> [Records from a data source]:
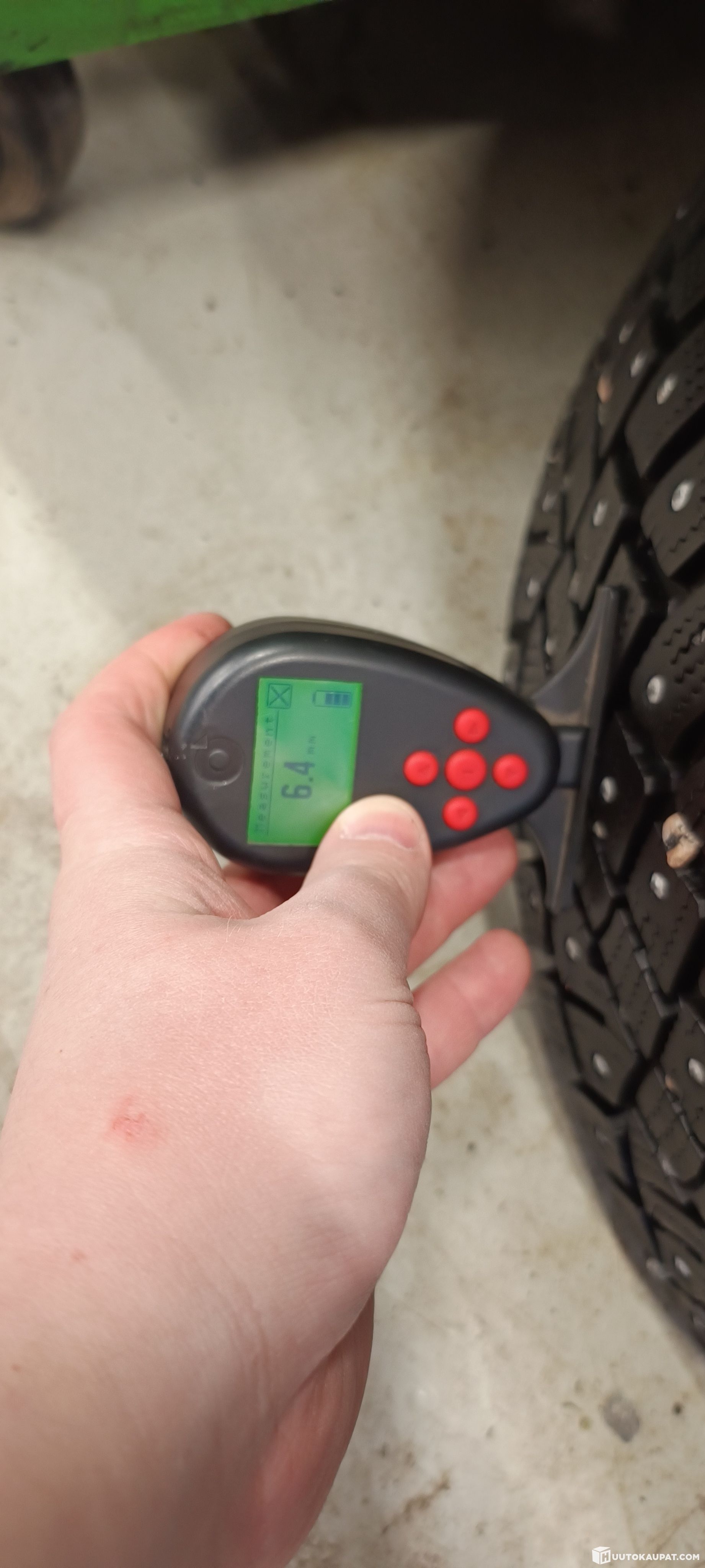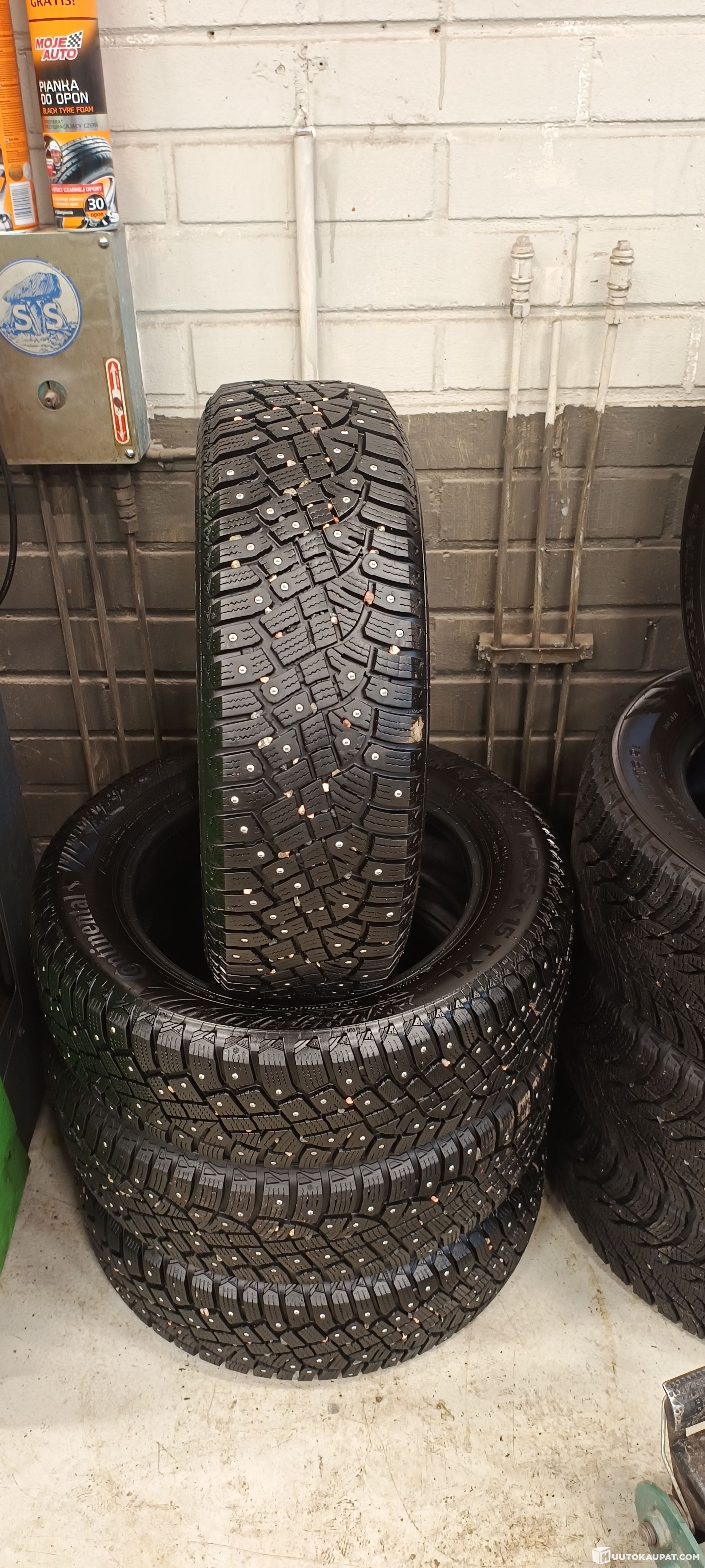 For sale: the set of tyres shown in the pictures (4 pcs). Used set. Tread 6.6 mm - 6.1 mm. Studs intact!
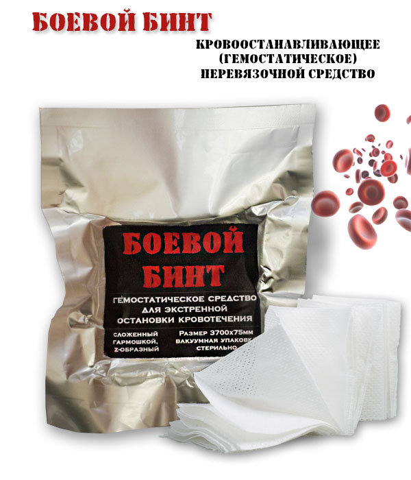 Боевой бинт – это специальное кровоостанавливающее средство для экстренной остановки кровотечений. Позволяет в кратчайшие сроки остановить кровь, стабилизировав состояние пострадавшего и препятствуя дальнейшей кровопотере.
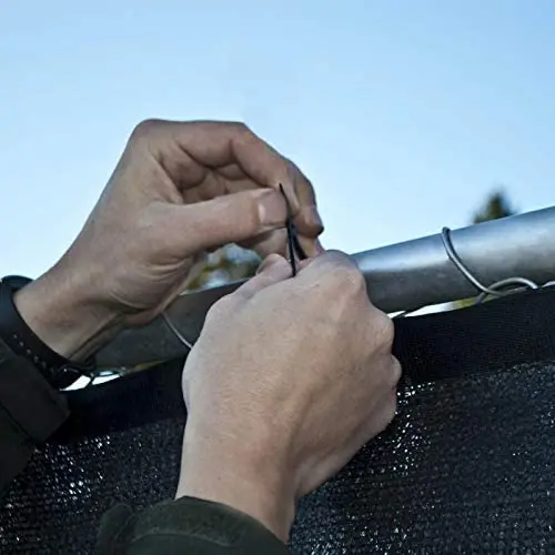 Easy to install: Use zip ties to fasten the grommets to the fence in each side. Our fence screen is equipped with denser grommets and straps to keep the fence closer to your fence.
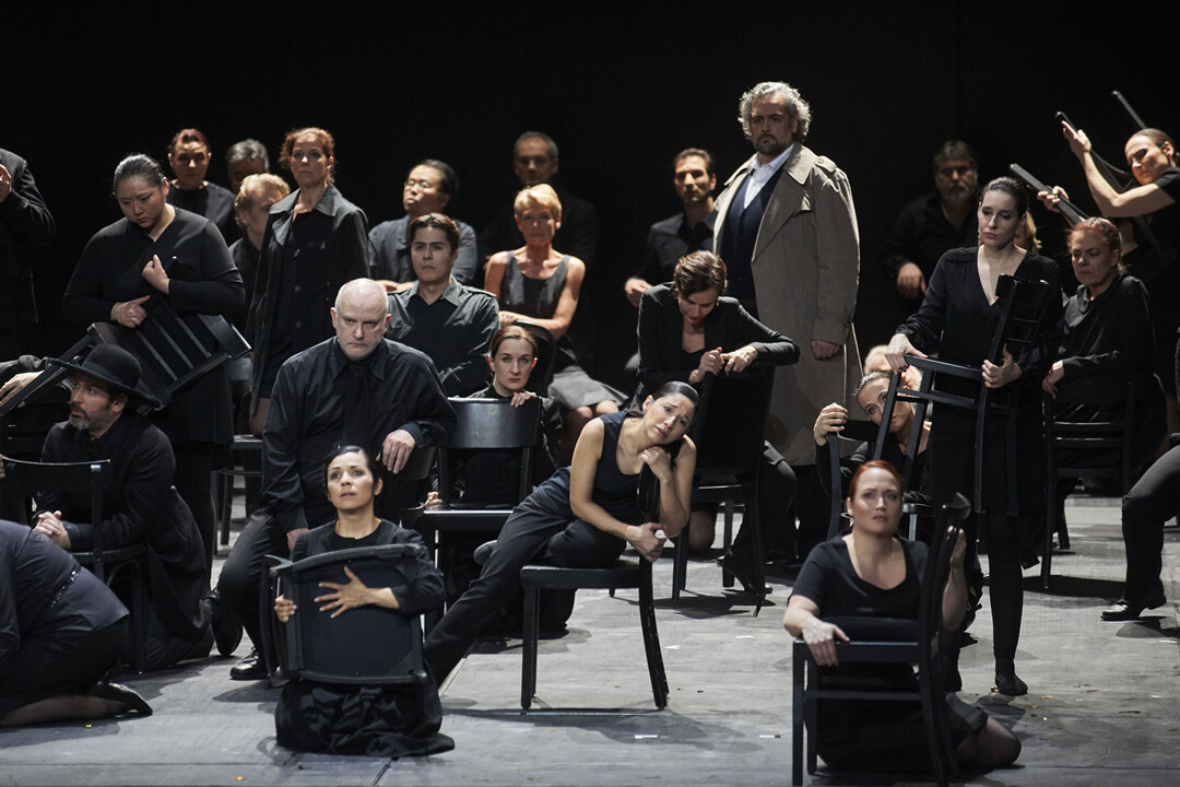 The image shows: Ezgi Kutlu (Fenena), Gergely Németi (Ismael), Marco Vratogna (Nabucco), Riccardo Zanellato (Zaccharia), Esther Dierkes (Anna), Mitglieder des Staatsopernchores Photo: Martin Sigmund
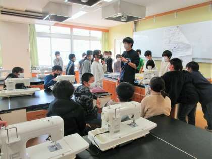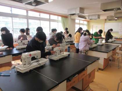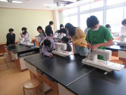 ミシンを使った裁縫実習が始まるようです。今日は下糸をとることが課題です。
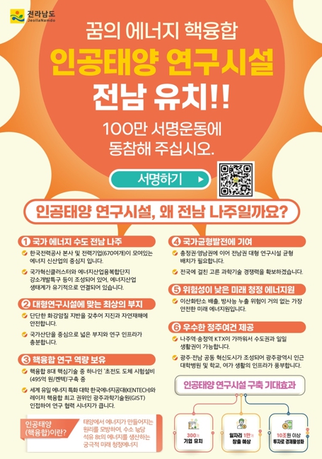 | ▲ 나주시가 인공태양 연구시설 유치를 위해 시민 서명운동을 진행하고 있다. 사진은 인공태양 연구시설 전남 나주 유치 서명운동 포스터. |
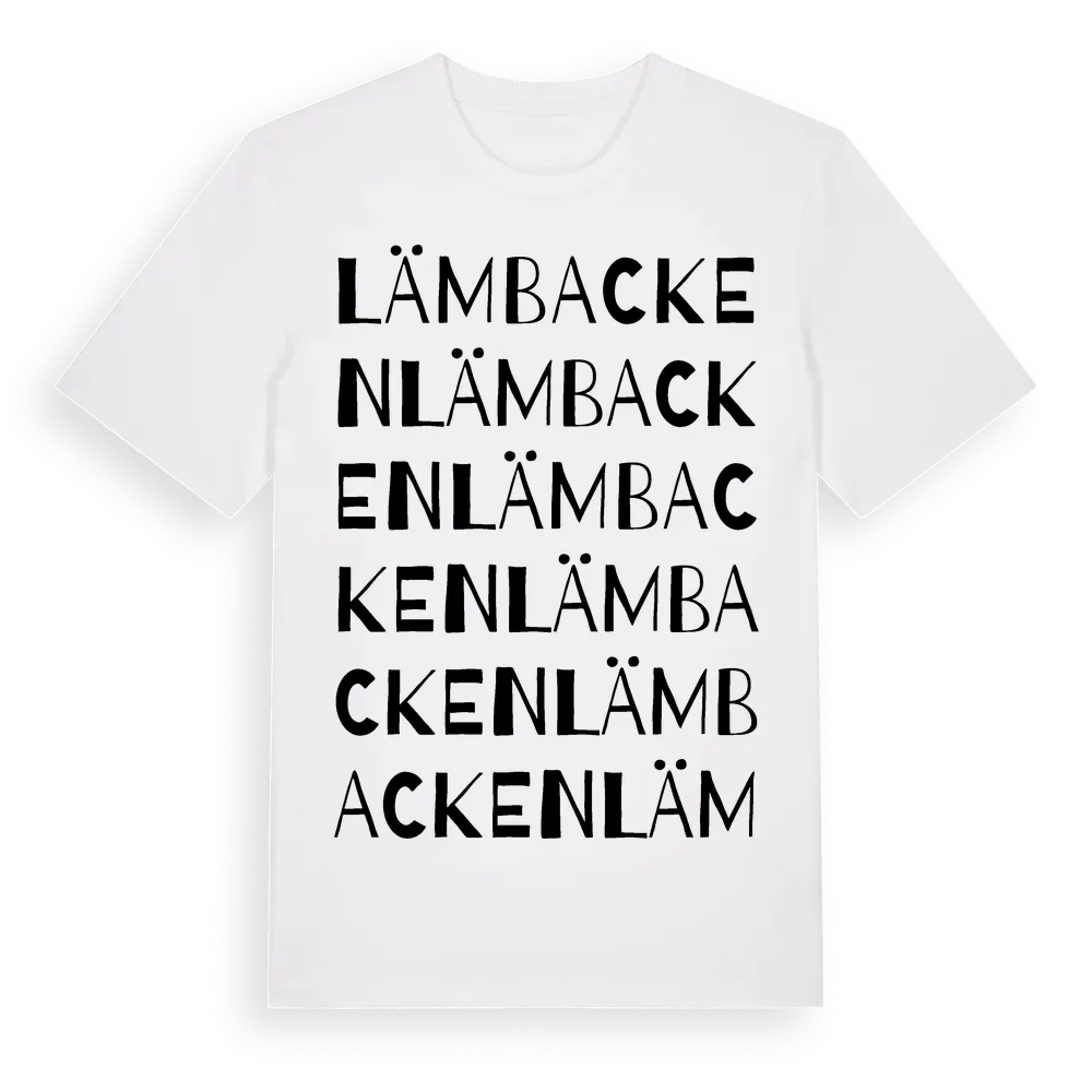 Lämbacken ordlek t-shirt är inspirerad av Lämbacken i Värmlands län, Sverige. Tröjan är designad för dig som har en speciell koppling till platsen – oavsett om du bor här, har rötterna här eller bara älskar Lämbacken.
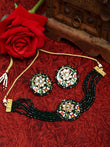 Gold-plated green onyx bead multi-stranded handcrafted choker necklace, has white Kundan-studded centrepiece with meenakari detailing
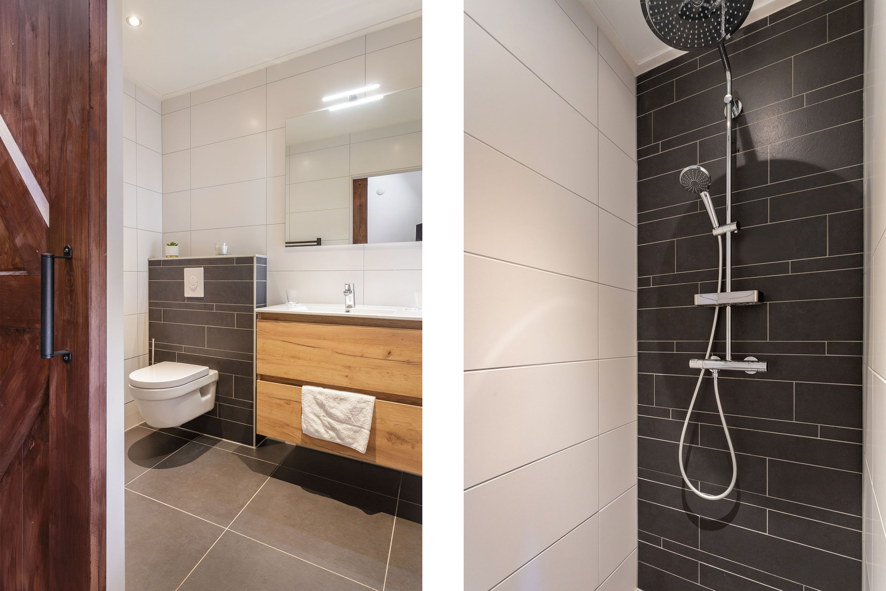 On the right side of the barn downstairs, 4 modern rooms with en-suite bathrooms have been created. The rustic atmosphere and feeling of outdoor living has been retained. Each room has its own entrance.
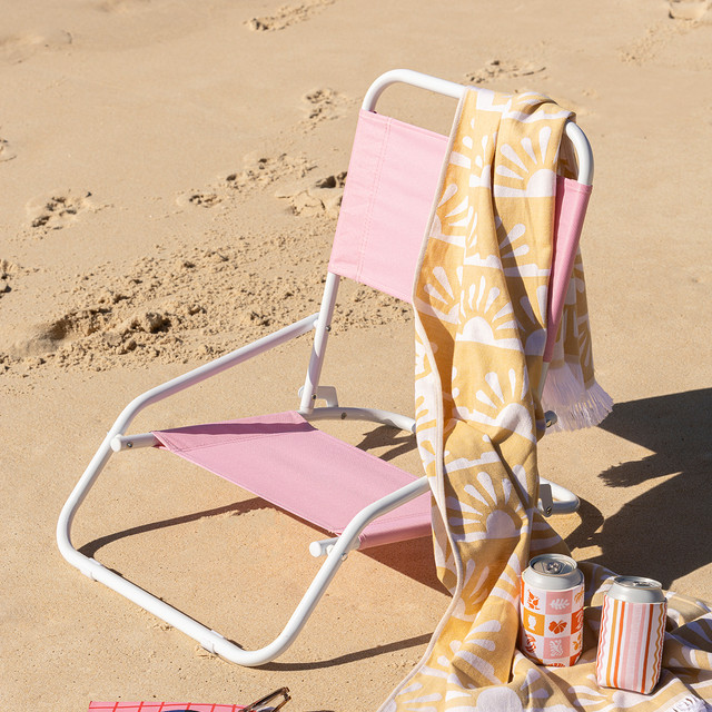 A trendy, lightweight and comfortable beach chair with a bright design. Made from durable water-resistant fabric, this carry chair has an adjustable carry strap making it easy to carry.
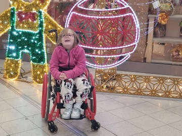 We have been doing everything we can since she was little. Míša has been practicing the Vojta method for a long time and thanks to enormous diligence and daily effort, she can now move on all fours. Unfortunately, she cannot walk independently. Most of the time, she is dependent on a wheelchair and our constant help.
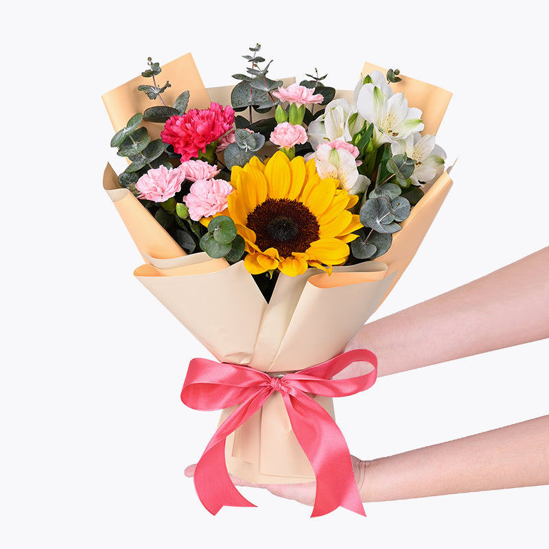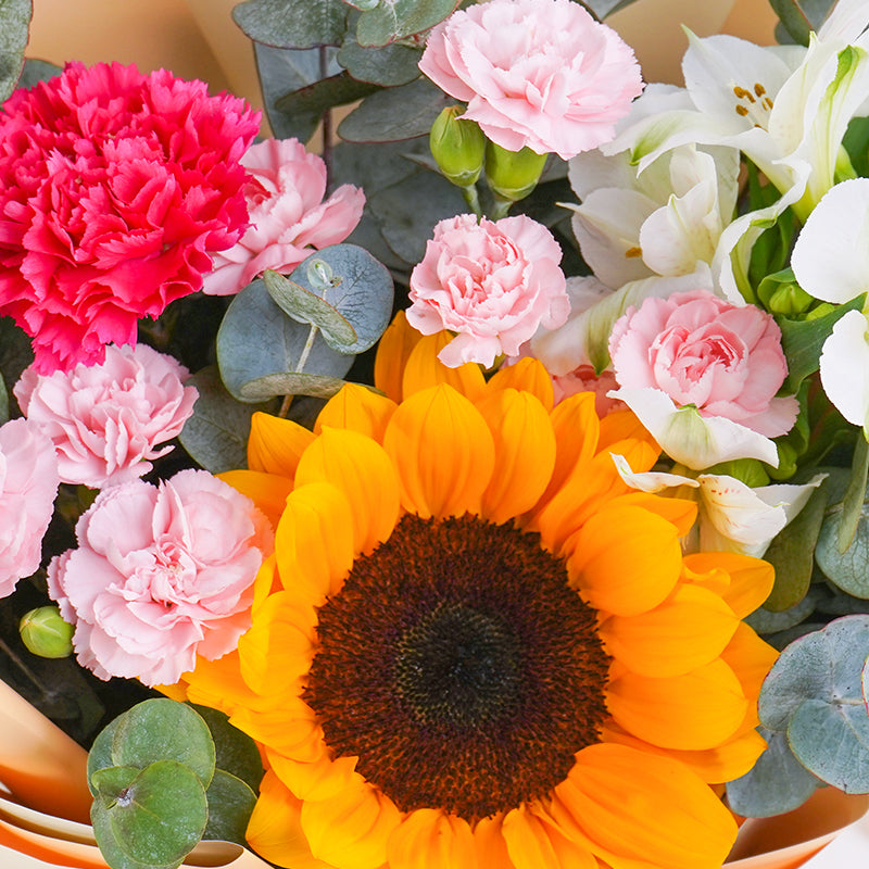 Sunflower (1 stalk), Carnation Spray Pink (2 stalks), Shocking Pink Carnation (1 stalk), Alstroemeria White (1 stalk), Eucalyptus Cinerea
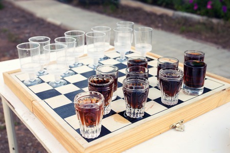 Chess-board and chess pieces, a goblet of wine and a glass of whiskey on a transparent table
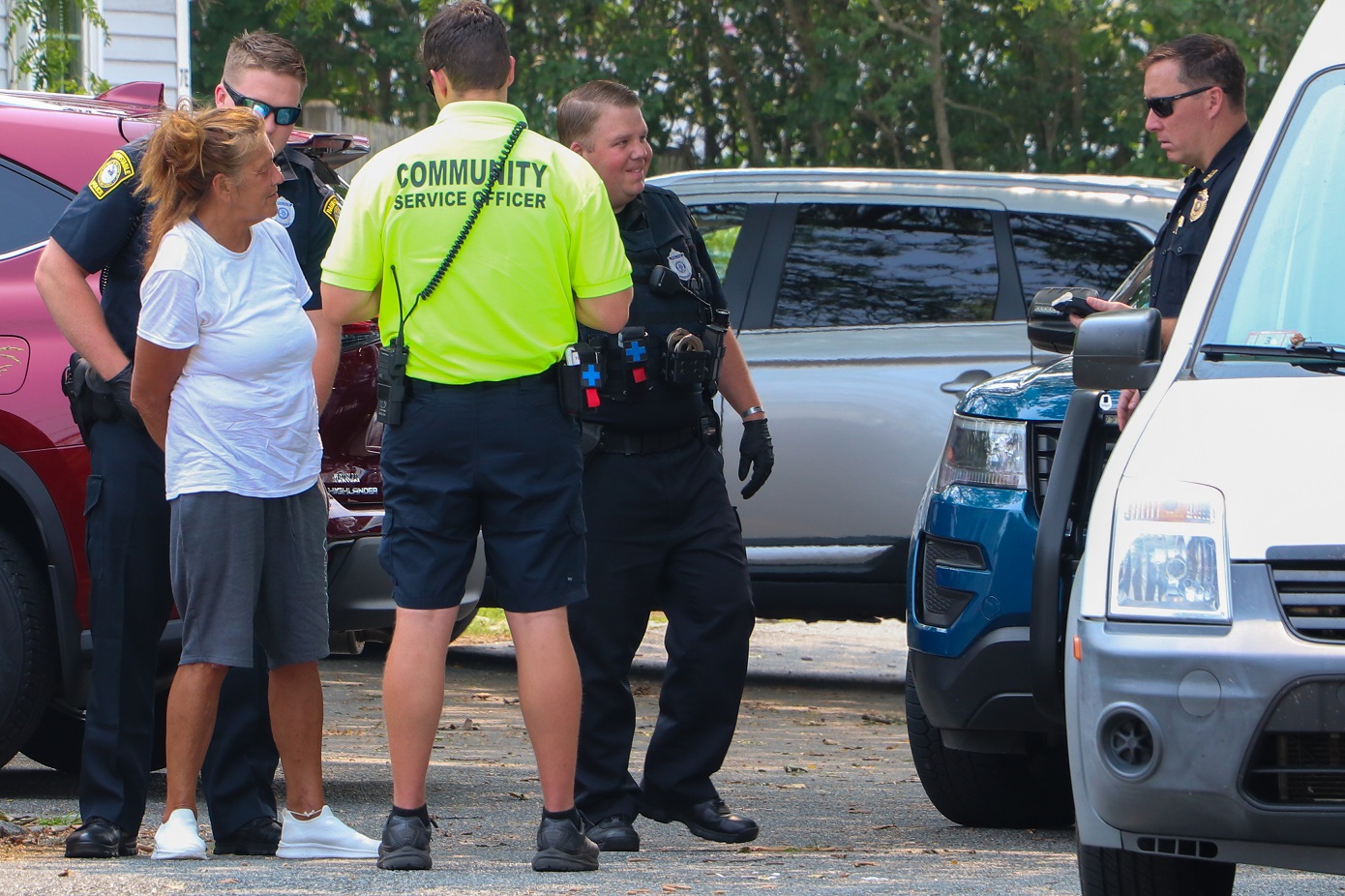 HYANNIS – This woman was being taken into protective custody in the area of Winter Street yesterday afternoon, when she appeared to blow a kiss to a Barnstable Police Sergeant.

> [PROBLEM DETAILS]:
What are the lines above from the one with "Боевой бинт –" to the one with "Easy to install: Use", both included? Reproduce them exactly, without pictures.

> [YOUR SOLUTION]:
 Боевой бинт – это специальное кровоостанавливающее средство для экстренной остановки кровотечений. Позволяет в кратчайшие сроки остановить кровь, стабилизировав состояние пострадавшего и препятствуя дальнейшей кровопотере.
 Easy to install: Use zip ties to fasten the grommets to the fence in each side. Our fence screen is equipped with denser grommets and straps to keep the fence closer to your fence.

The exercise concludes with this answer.